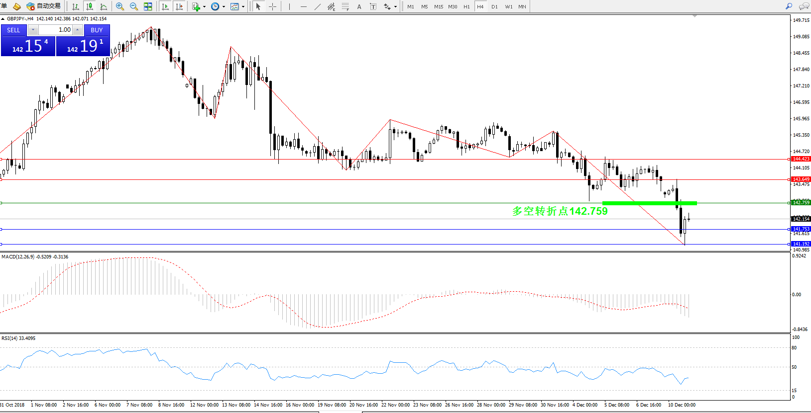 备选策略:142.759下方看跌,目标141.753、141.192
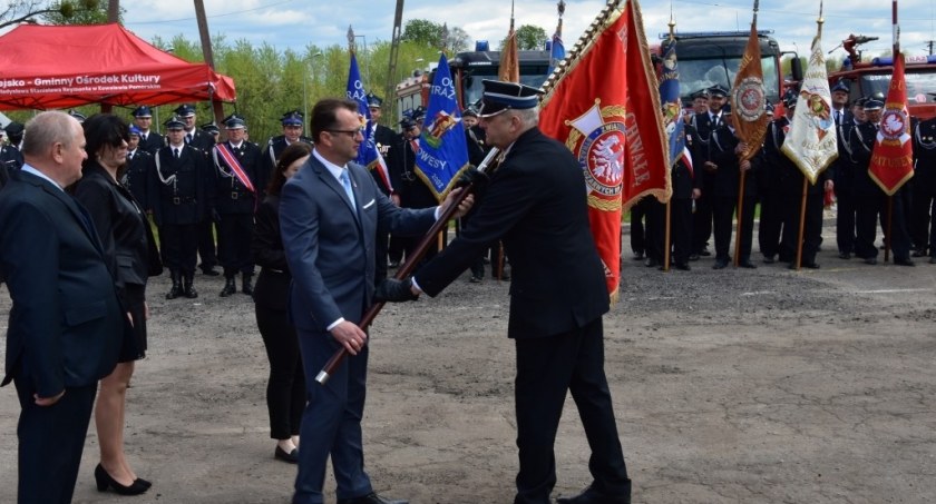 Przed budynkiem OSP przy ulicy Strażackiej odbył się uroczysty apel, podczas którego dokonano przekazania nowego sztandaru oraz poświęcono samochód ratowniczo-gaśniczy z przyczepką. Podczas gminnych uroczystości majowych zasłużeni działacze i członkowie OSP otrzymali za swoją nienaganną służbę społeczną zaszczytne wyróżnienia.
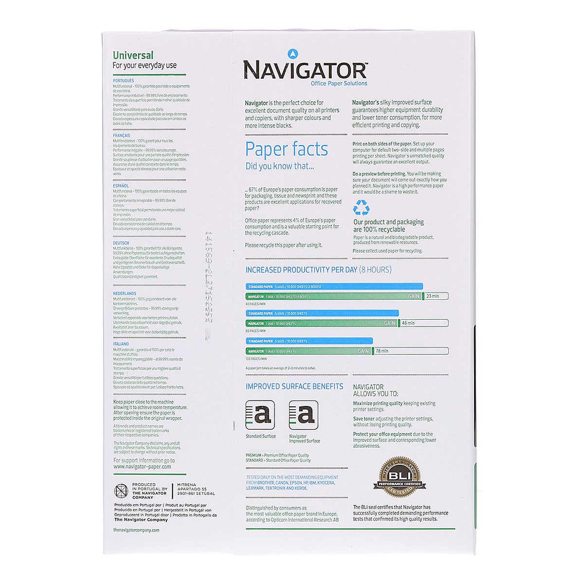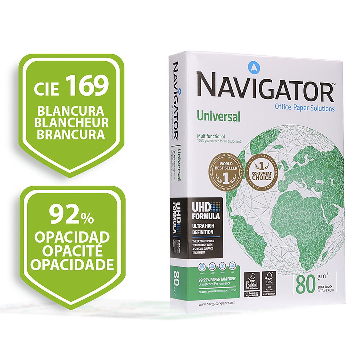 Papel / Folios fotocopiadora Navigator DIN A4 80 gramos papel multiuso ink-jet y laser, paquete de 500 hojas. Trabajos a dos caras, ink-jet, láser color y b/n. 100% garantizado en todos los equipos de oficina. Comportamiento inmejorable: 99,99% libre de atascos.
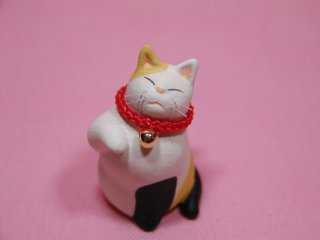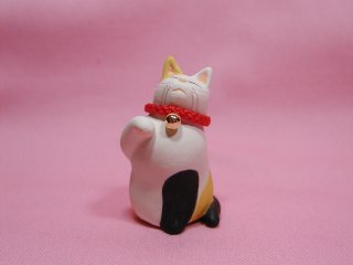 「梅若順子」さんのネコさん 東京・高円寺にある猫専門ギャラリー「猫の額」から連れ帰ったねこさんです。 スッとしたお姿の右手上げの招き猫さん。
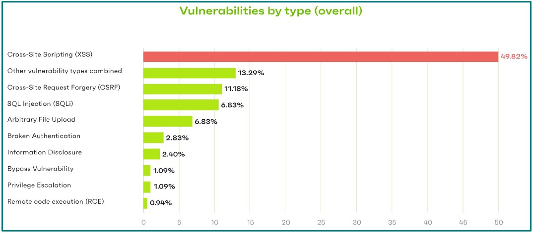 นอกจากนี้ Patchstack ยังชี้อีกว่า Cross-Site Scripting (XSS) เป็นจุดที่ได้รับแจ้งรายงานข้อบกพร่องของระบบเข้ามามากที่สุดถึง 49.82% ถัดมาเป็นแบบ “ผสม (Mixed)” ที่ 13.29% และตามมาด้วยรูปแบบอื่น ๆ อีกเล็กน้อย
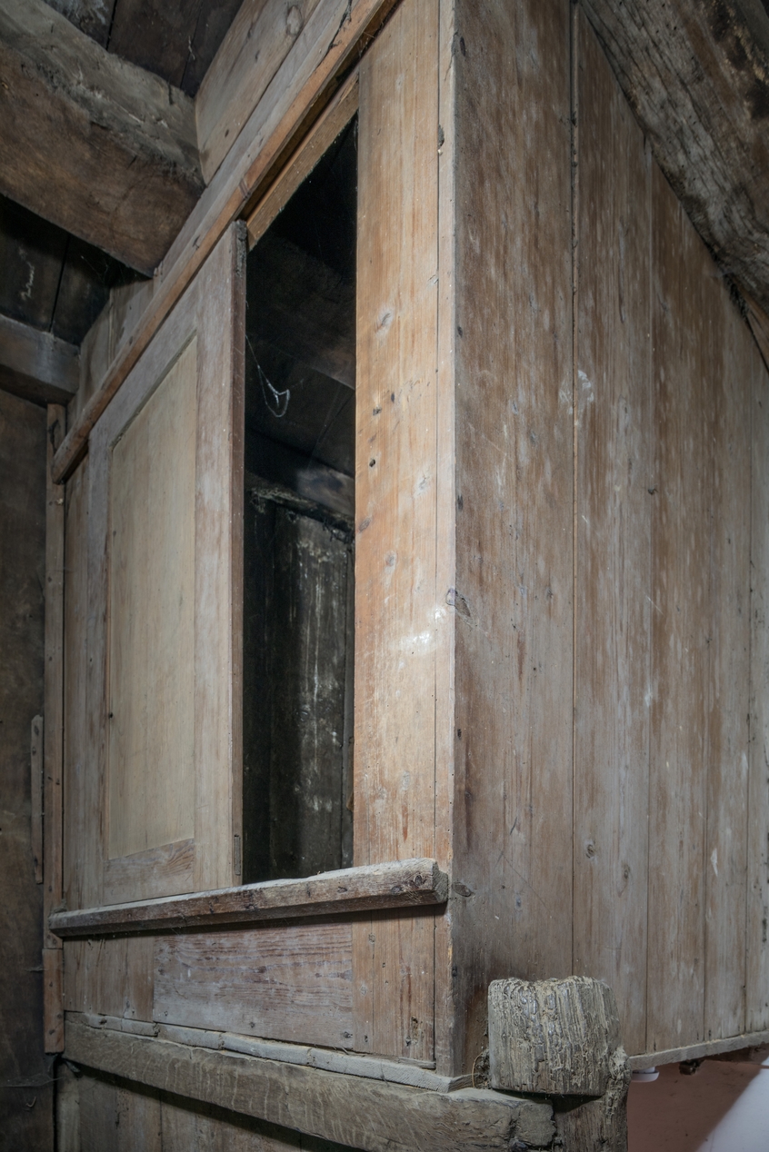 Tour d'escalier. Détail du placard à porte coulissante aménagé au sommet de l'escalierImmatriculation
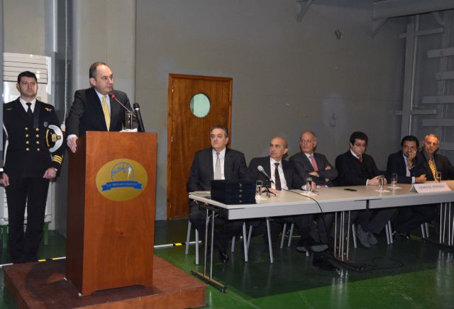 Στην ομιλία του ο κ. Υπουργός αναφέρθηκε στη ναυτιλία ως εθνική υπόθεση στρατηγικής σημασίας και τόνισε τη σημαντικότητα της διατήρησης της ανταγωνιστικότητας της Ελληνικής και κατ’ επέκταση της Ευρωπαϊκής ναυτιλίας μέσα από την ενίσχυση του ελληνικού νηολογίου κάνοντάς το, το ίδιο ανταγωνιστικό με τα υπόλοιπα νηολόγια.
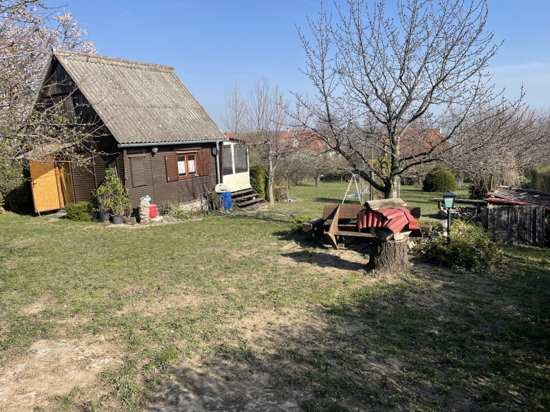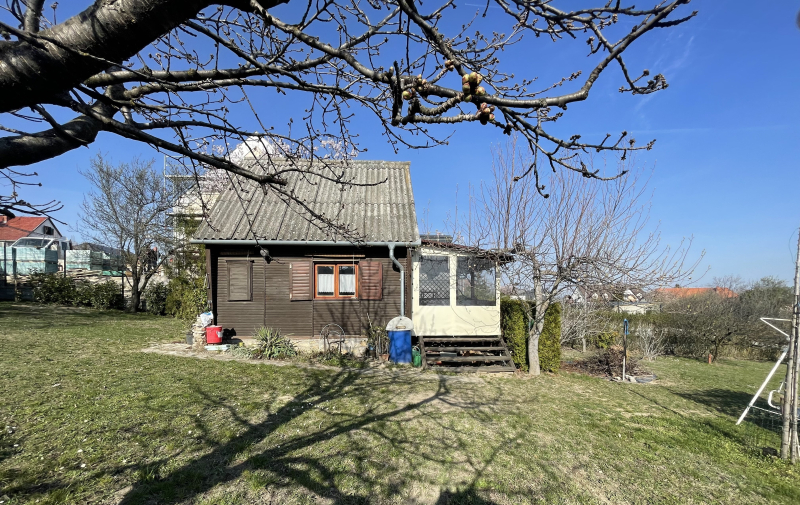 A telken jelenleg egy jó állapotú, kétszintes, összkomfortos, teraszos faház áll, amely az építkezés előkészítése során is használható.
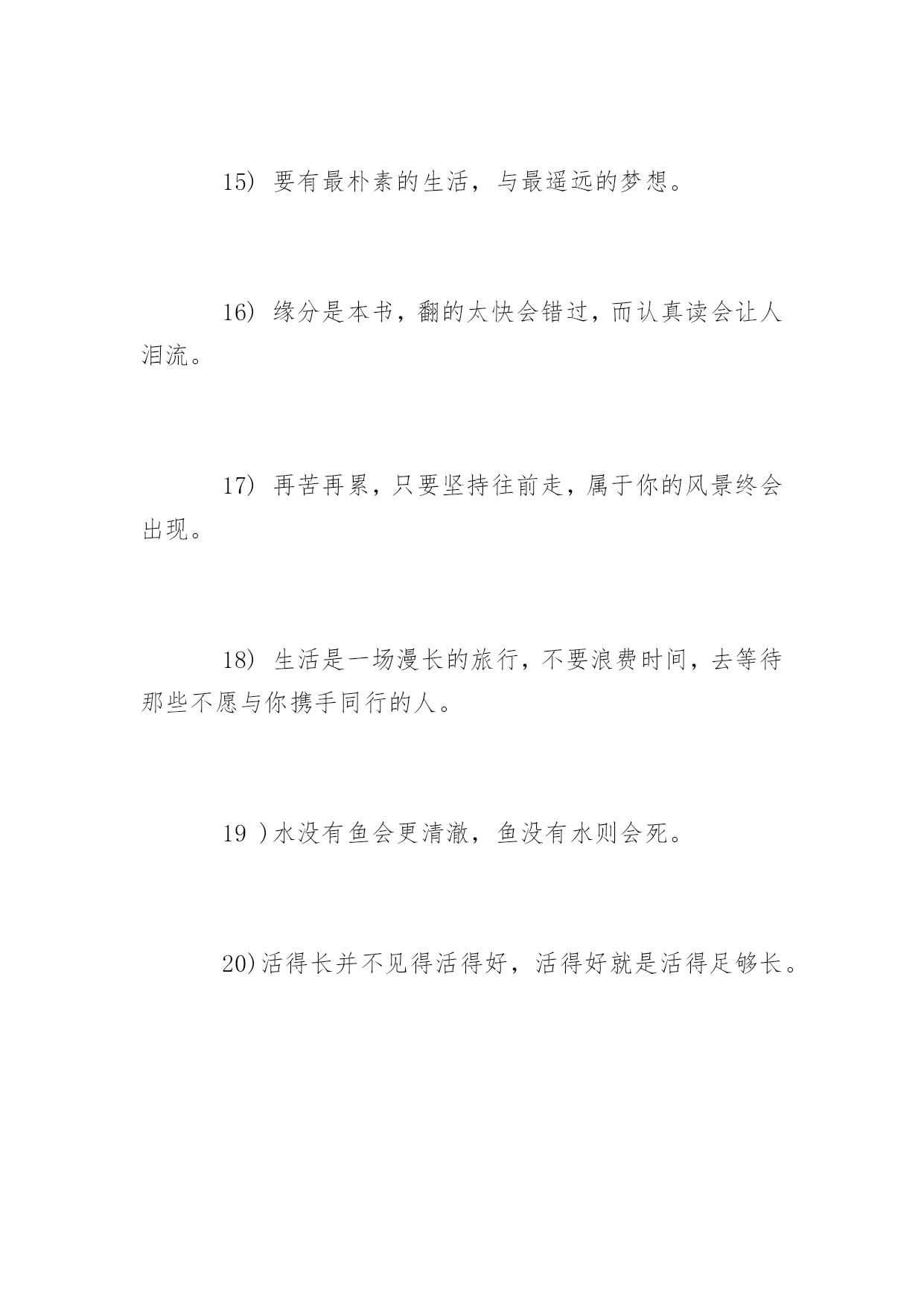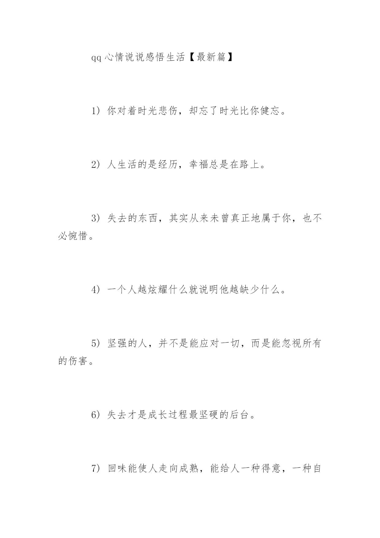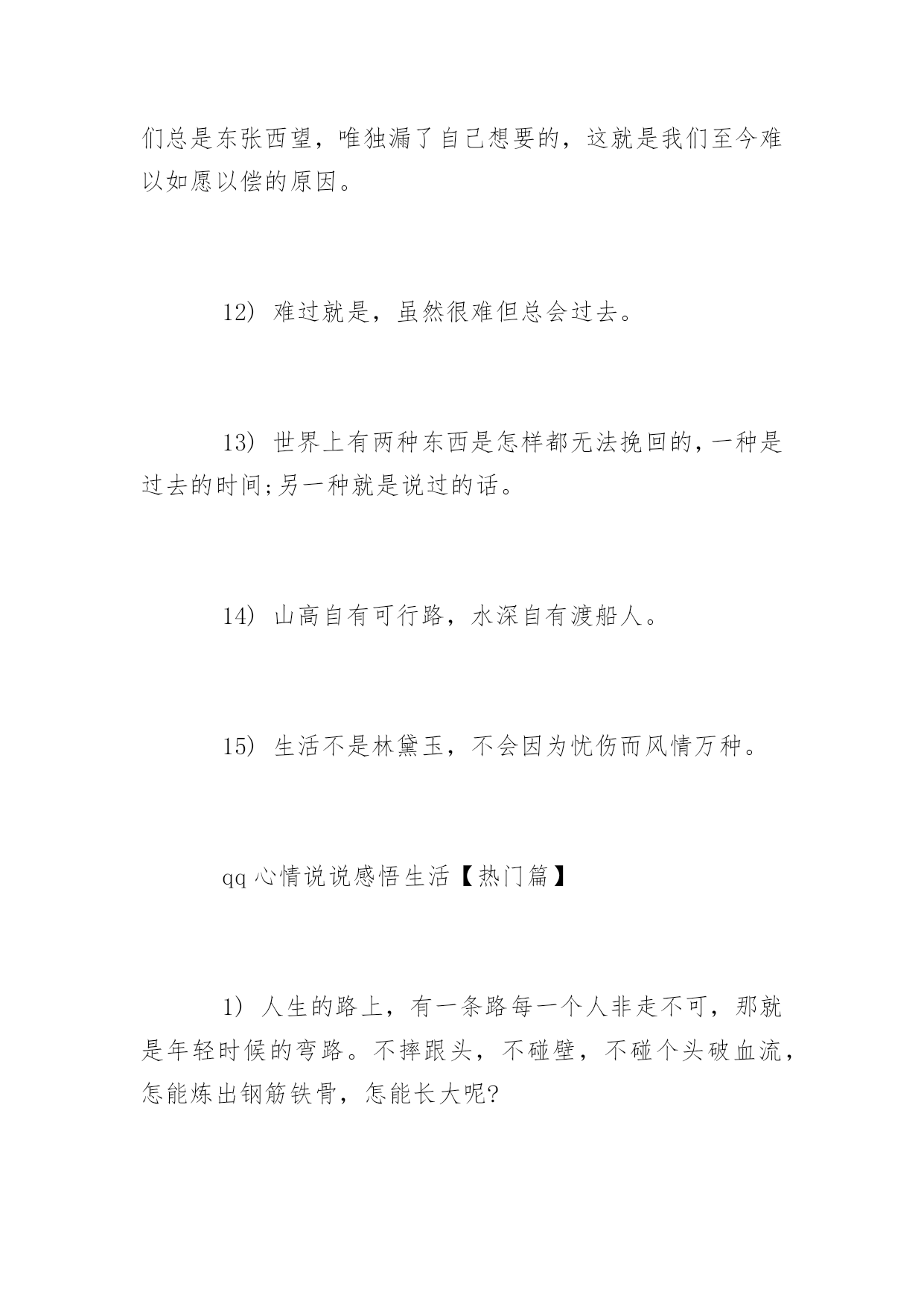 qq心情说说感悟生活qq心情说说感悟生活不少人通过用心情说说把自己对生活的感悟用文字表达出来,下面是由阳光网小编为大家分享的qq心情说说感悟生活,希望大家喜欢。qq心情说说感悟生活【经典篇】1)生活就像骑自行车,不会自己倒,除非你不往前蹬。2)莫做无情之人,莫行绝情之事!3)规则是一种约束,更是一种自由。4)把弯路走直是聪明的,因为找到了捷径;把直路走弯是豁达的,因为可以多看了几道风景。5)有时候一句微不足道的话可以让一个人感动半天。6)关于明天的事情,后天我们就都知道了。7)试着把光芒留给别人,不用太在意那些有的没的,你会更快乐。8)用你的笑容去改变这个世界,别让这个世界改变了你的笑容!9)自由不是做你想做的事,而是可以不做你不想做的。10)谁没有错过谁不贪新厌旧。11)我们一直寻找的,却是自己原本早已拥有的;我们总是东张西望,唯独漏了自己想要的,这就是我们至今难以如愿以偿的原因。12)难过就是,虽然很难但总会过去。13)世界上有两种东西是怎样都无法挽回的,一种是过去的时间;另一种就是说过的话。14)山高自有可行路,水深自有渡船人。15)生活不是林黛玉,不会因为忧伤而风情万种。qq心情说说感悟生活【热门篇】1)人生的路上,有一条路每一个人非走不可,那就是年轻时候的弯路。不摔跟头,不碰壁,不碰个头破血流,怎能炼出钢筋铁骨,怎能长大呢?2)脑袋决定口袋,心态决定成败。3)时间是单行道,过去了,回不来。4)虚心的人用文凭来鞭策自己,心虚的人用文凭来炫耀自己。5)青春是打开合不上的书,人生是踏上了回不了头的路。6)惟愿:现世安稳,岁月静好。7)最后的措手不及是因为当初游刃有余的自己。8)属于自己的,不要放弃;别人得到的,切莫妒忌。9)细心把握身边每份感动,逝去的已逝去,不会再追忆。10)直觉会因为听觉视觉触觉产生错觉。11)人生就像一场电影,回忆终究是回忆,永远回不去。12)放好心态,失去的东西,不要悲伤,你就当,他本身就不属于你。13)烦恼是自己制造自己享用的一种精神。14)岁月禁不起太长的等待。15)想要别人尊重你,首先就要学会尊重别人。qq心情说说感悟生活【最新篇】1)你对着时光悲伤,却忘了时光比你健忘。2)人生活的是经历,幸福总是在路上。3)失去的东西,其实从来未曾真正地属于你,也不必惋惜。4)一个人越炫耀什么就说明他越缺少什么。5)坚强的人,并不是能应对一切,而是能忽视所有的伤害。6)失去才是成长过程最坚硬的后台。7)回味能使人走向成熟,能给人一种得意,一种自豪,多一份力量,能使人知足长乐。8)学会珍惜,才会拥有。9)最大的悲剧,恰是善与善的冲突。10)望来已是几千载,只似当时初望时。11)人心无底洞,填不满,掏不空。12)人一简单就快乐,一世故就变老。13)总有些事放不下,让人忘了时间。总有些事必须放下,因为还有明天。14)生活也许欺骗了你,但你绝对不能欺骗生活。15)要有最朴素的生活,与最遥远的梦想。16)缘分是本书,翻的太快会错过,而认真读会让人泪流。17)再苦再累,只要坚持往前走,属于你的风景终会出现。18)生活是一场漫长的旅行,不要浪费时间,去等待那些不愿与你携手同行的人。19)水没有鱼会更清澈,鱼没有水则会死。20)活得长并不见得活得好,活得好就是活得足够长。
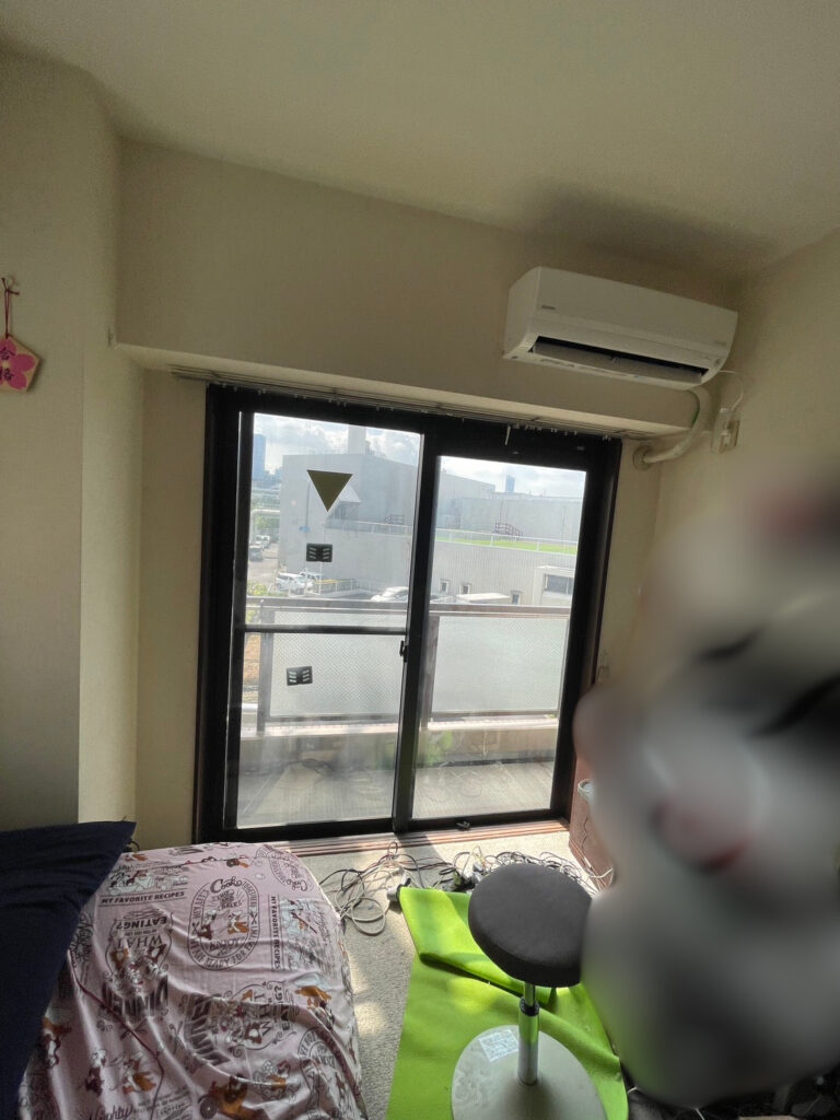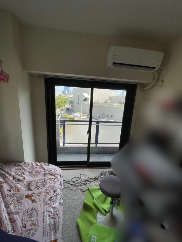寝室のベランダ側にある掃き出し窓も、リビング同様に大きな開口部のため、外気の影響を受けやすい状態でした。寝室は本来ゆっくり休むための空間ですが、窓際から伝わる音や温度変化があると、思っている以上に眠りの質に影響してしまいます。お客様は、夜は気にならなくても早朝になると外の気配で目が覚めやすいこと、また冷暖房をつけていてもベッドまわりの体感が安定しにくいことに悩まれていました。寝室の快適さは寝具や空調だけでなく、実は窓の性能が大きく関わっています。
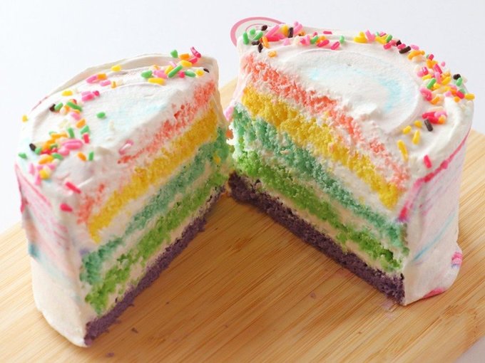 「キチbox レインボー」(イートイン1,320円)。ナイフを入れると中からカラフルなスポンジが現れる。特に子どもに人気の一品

| Your goal |
From the first line above down to the line with "Στην ομιλία του", reproduce every line and no others, omitting pictures.

| Result of this task |
 备选策略:142.759下方看跌,目标141.753、141.192
 Przed budynkiem OSP przy ulicy Strażackiej odbył się uroczysty apel, podczas którego dokonano przekazania nowego sztandaru oraz poświęcono samochód ratowniczo-gaśniczy z przyczepką. Podczas gminnych uroczystości majowych zasłużeni działacze i członkowie OSP otrzymali za swoją nienaganną służbę społeczną zaszczytne wyróżnienia.
 Papel / Folios fotocopiadora Navigator DIN A4 80 gramos papel multiuso ink-jet y laser, paquete de 500 hojas. Trabajos a dos caras, ink-jet, láser color y b/n. 100% garantizado en todos los equipos de oficina. Comportamiento inmejorable: 99,99% libre de atascos.
 「梅若順子」さんのネコさん 東京・高円寺にある猫専門ギャラリー「猫の額」から連れ帰ったねこさんです。 スッとしたお姿の右手上げの招き猫さん。
 นอกจากนี้ Patchstack ยังชี้อีกว่า Cross-Site Scripting (XSS) เป็นจุดที่ได้รับแจ้งรายงานข้อบกพร่องของระบบเข้ามามากที่สุดถึง 49.82% ถัดมาเป็นแบบ “ผสม (Mixed)” ที่ 13.29% และตามมาด้วยรูปแบบอื่น ๆ อีกเล็กน้อย
 Tour d'escalier. Détail du placard à porte coulissante aménagé au sommet de l'escalierImmatriculation
 Στην ομιλία του ο κ. Υπουργός αναφέρθηκε στη ναυτιλία ως εθνική υπόθεση στρατηγικής σημασίας και τόνισε τη σημαντικότητα της διατήρησης της ανταγωνιστικότητας της Ελληνικής και κατ’ επέκταση της Ευρωπαϊκής ναυτιλίας μέσα από την ενίσχυση του ελληνικού νηολογίου κάνοντάς το, το ίδιο ανταγωνιστικό με τα υπόλοιπα νηολόγια.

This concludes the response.